*REQUIREMENT*: The reply must contain exactly the lines below from the one with "peony flower pattern" down to the one with "Кресло-шезлонг (раскладушка) складное", both included, and nothing more; please omit the pictures.

---------- DATA FOR PROCESSING

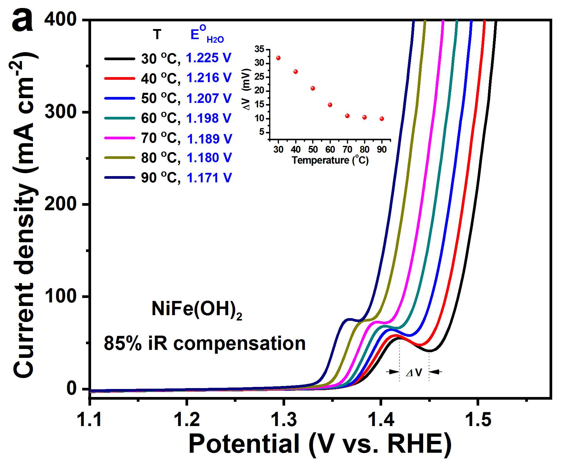 能量之间的耦合增益效应是实现能量转换效率最大化的一种潜在途径,但仍需要探索能量耦合增益的物理机制和材料基础。对于电化学水氧化(OER)反应来说,电子是能量转换的载体,电子化学势的高低决定了能量转换的难易。因此,只有当体系内能量共同改变电子化学势时才能实现高效的能量耦合增益效应。在电化学水氧化极化曲线中,离子氧化Mm+/Mn+ (M< N)电位与OER的之间存在较大电势差(ΔV),表明离子氧化还原电对的离子氧化(速率常数,KM)与水氧化(速率常数,KOER)的动力学差异较大,因此通过加速KM和KOER最小化ΔV(图1a)是加速水分解动力学的一种有效途径,即在氧化还原电对发生氧化后,水氧化反应即刻发生,不存在动力学延迟,此时OER的开启电位即为氧化还原电对的氧化电位(图1b)。以往的OER催化材料设计以调控催化材料电子结构降低电子转移势垒为主要指导思想,研究者提出了包括电子占据态、交换作用、材料结构、晶体场效应等物理参数来描述催化材料的OER催化性能。而实际的电解水反应存在多种物理场(电场、热场、化学场、力场等)耦合作用,其中最主要的是化学反应不可逆热和电之间的耦合效应。引入外部热使得电解池在更高的温度运行,不仅可以实现快速启动,且可降低水分解的理论需求电位,有利于降低反应势垒,从而降低化学反应热,实现快速响应电压波动,提升低电压下的水分解效率。因此热-电耦合是潜在的高效可再生能源制氢方案。
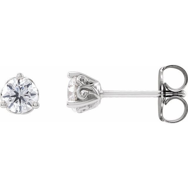 14K White 4 mm Round 3-Prong Fleur-de-Lis Earring Mounting
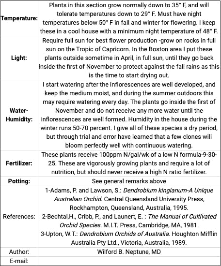 Species in this Section include: Dendrobium adae, D. aemulum, D. callitopophyllum, D. falcorostrum, D. finniganense, D. fleckeri, D. gracilicaoule, D. jonesii, D. kingianum, D. moorei, D. speciosum 11. For Discussion: Dendrobium kingianum Bidwill, Dendrobium jonesii Rendle, The Natural Hybrid-Dendrobium x delicatum F.M.Bail
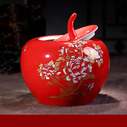 peony flower pattern apple shape big red ceramic storage jar
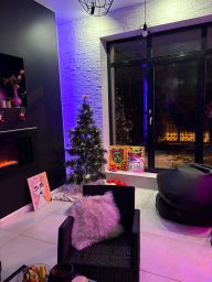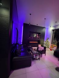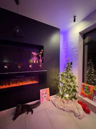 * В квартире имеются: камин, караоке, отпариватель для одежды, кофемашина, плита, духовой шкаф, чайник, посудомоечная машина, ванна, робот- пылесос, смарт- ТВ, Wi-Fi; двуспальная кровать, диван-кровать, кожаный диван, рабочий стол со стулом, очистка воды,
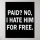 Póster Paid No I Hate Him For - Funny Sarcasm
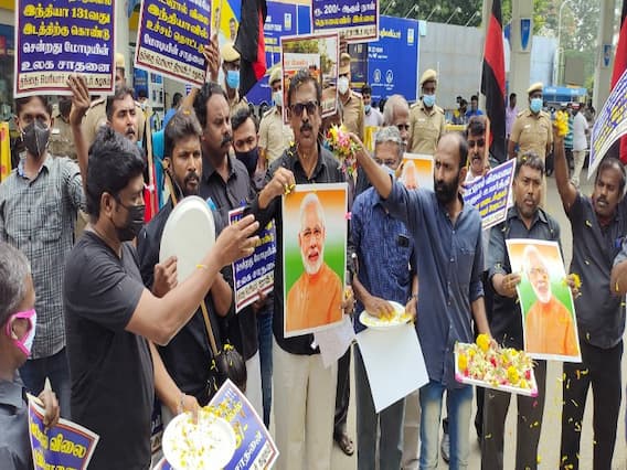பெட்ரோல், டீசல் விலை உயர்வை கண்டித்து பிரதமர் மோடி புகைபடத்திற்கு மலர் தூவி மரியாதை செலுத்தும் போராட்டம் நடத்திய தபெதிக அமைப்பினர் கைது செய்யப்பட்டனர்.
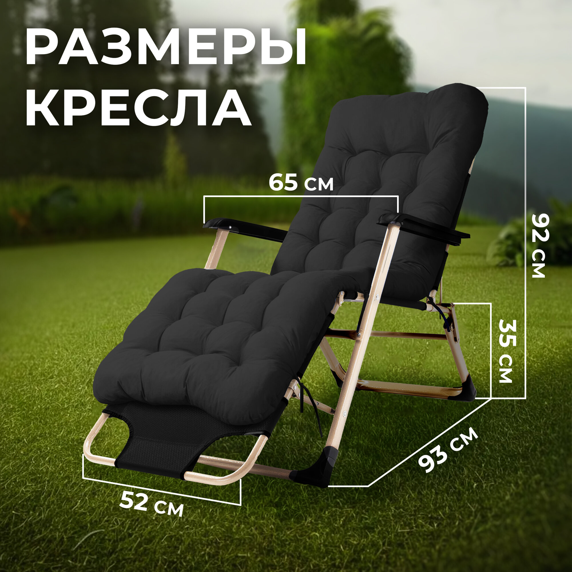 Кресло-шезлонг (раскладушка) складное с матрасом для дачи и сада, черное информация:
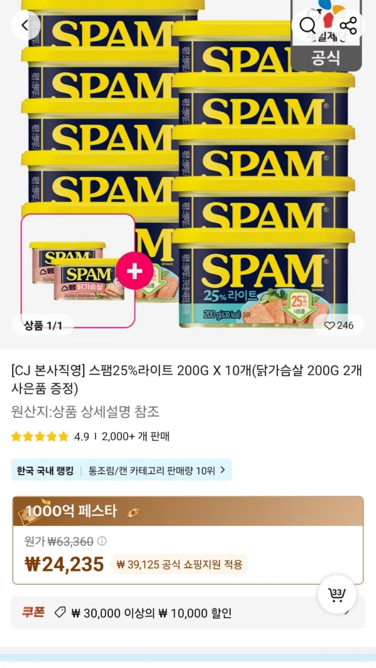 [알리] 스팸라이트 200g×20개+닭가슴살 스팸×4 33470원 (개당 1400원) 꽤 저렴...!!! 1.5만 쿠폰 받기 후 2...
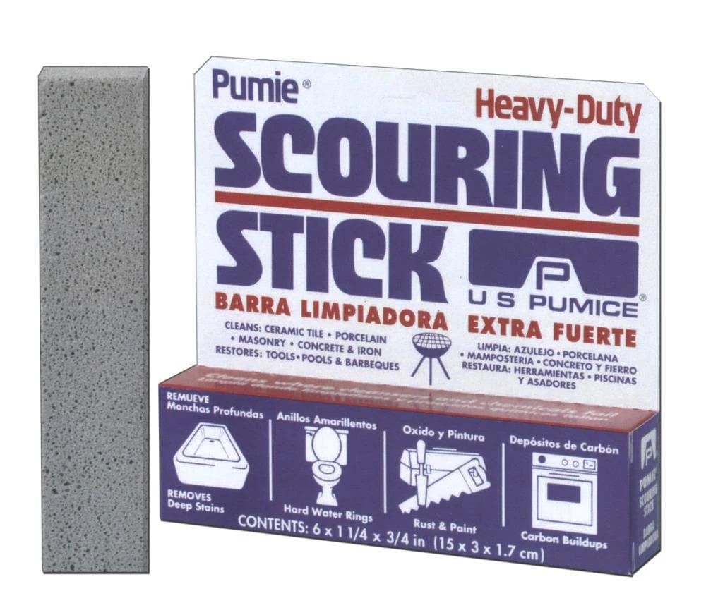 Cleans where chemicals fail. Pumie works through gentle abrasive action. Takes over where other abrasive cleaning aids leave off. Scours away mineral deposits, rust, stains and scale from sinks, tubs and showers. Removes unsightly toilet rings. Cleans baked-on food, grease and carbon buildup in ovens, on grills and iron cookware. A 100% pumice product. Works through gentle abrasive action. Won’t harm hard surfaces. Safe for skin. Safe to use and store around children and pets.
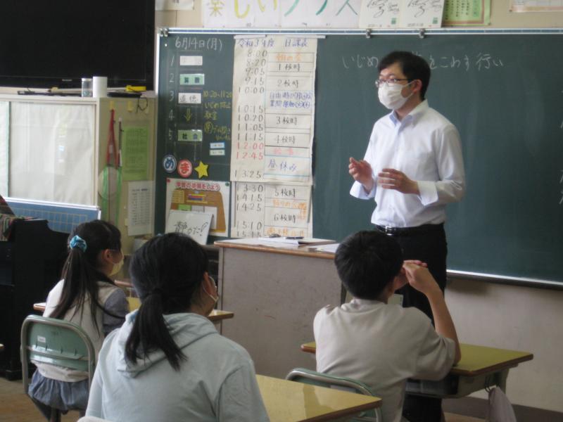 今日は、法律事務所の弁護士さんにおいでいただき、いじめの出前講座を行いました。
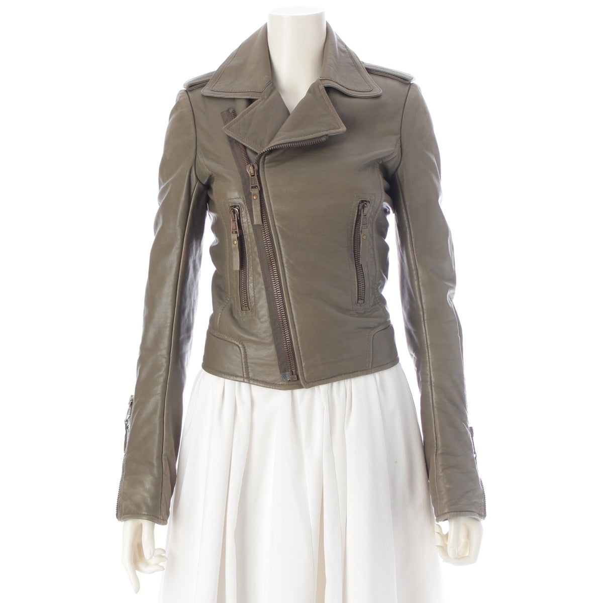 BALENCIAGA Leather Lambskin double-breasted blouson Riders jacket 180174 khaki 34

--------------------

*ANSWER TO THIS TASK*:
 peony flower pattern apple shape big red ceramic storage jar
 * В квартире имеются: камин, караоке, отпариватель для одежды, кофемашина, плита, духовой шкаф, чайник, посудомоечная машина, ванна, робот- пылесос, смарт- ТВ, Wi-Fi; двуспальная кровать, диван-кровать, кожаный диван, рабочий стол со стулом, очистка воды,
 Póster Paid No I Hate Him For - Funny Sarcasm
பெட்ரோல், டீசல் விலை உயர்வை கண்டித்து பிரதமர் மோடி புகைபடத்திற்கு மலர் தூவி மரியாதை செலுத்தும் போராட்டம் நடத்திய தபெதிக அமைப்பினர் கைது செய்யப்பட்டனர்.
 Кресло-шезлонг (раскладушка) складное с матрасом для дачи и сада, черное информация:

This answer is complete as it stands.